RECORDED DATA:
====

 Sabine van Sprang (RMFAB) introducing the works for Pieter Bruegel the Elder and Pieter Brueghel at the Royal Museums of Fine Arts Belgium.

====

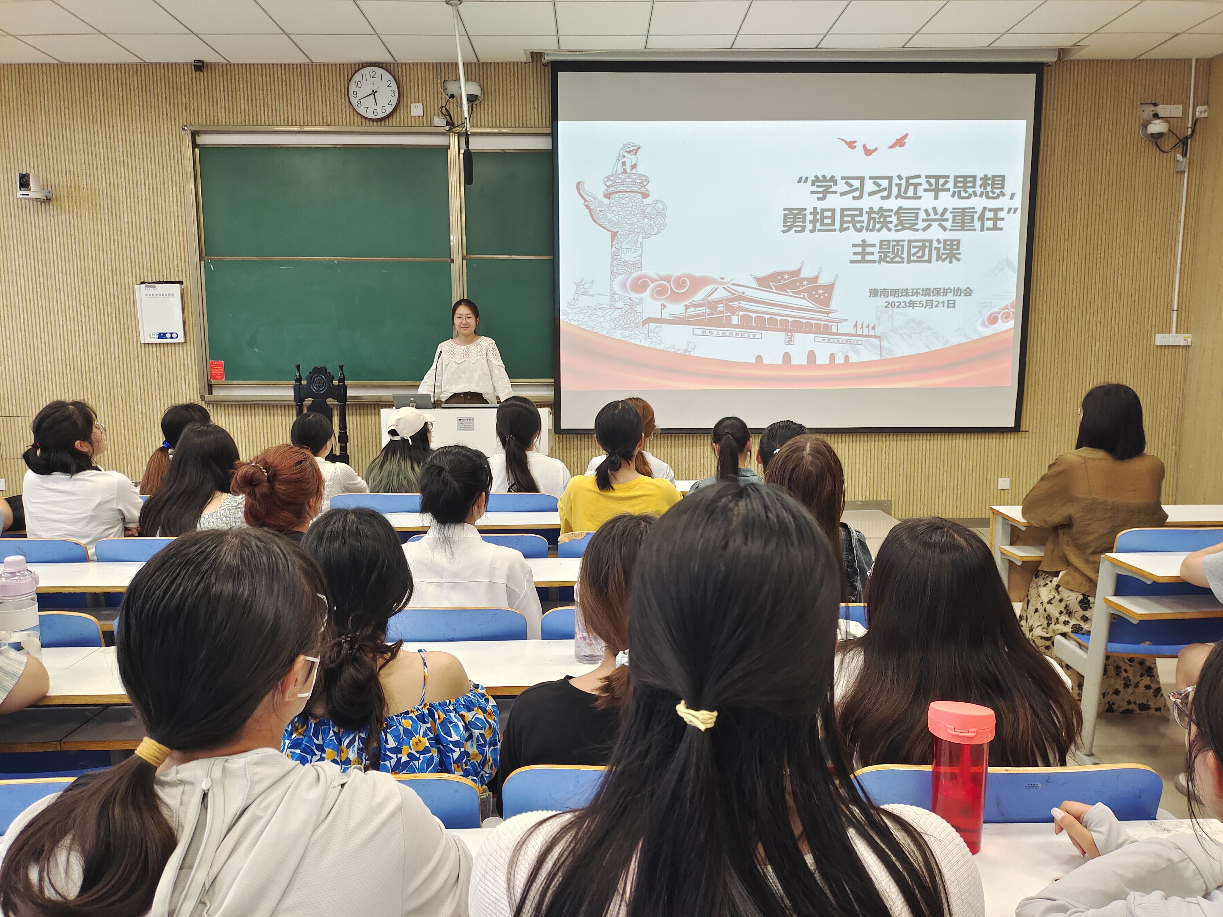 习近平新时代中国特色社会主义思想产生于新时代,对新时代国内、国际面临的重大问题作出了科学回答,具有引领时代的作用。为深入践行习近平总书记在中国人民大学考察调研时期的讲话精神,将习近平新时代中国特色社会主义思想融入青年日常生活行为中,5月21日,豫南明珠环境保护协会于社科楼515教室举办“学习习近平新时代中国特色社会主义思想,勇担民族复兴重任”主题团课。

====

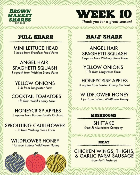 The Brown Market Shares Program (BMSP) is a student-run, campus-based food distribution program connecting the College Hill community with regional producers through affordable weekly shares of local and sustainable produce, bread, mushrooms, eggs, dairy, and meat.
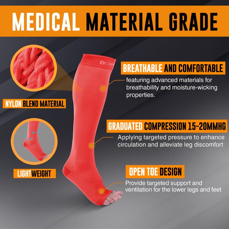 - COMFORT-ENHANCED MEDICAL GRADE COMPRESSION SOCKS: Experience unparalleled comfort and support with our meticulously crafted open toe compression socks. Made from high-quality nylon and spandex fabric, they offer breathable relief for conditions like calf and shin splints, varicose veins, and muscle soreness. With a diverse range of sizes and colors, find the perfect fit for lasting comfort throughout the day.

====

DESCRIPTION OF THE TASK: Every line above in the stretch from the one with "The Brown Market" through the one with "- COMFORT-ENHANCED MEDICAL" is to be transcribed exactly, ends included. No picture is copied.

REPLY:
 The Brown Market Shares Program (BMSP) is a student-run, campus-based food distribution program connecting the College Hill community with regional producers through affordable weekly shares of local and sustainable produce, bread, mushrooms, eggs, dairy, and meat.
 - COMFORT-ENHANCED MEDICAL GRADE COMPRESSION SOCKS: Experience unparalleled comfort and support with our meticulously crafted open toe compression socks. Made from high-quality nylon and spandex fabric, they offer breathable relief for conditions like calf and shin splints, varicose veins, and muscle soreness. With a diverse range of sizes and colors, find the perfect fit for lasting comfort throughout the day.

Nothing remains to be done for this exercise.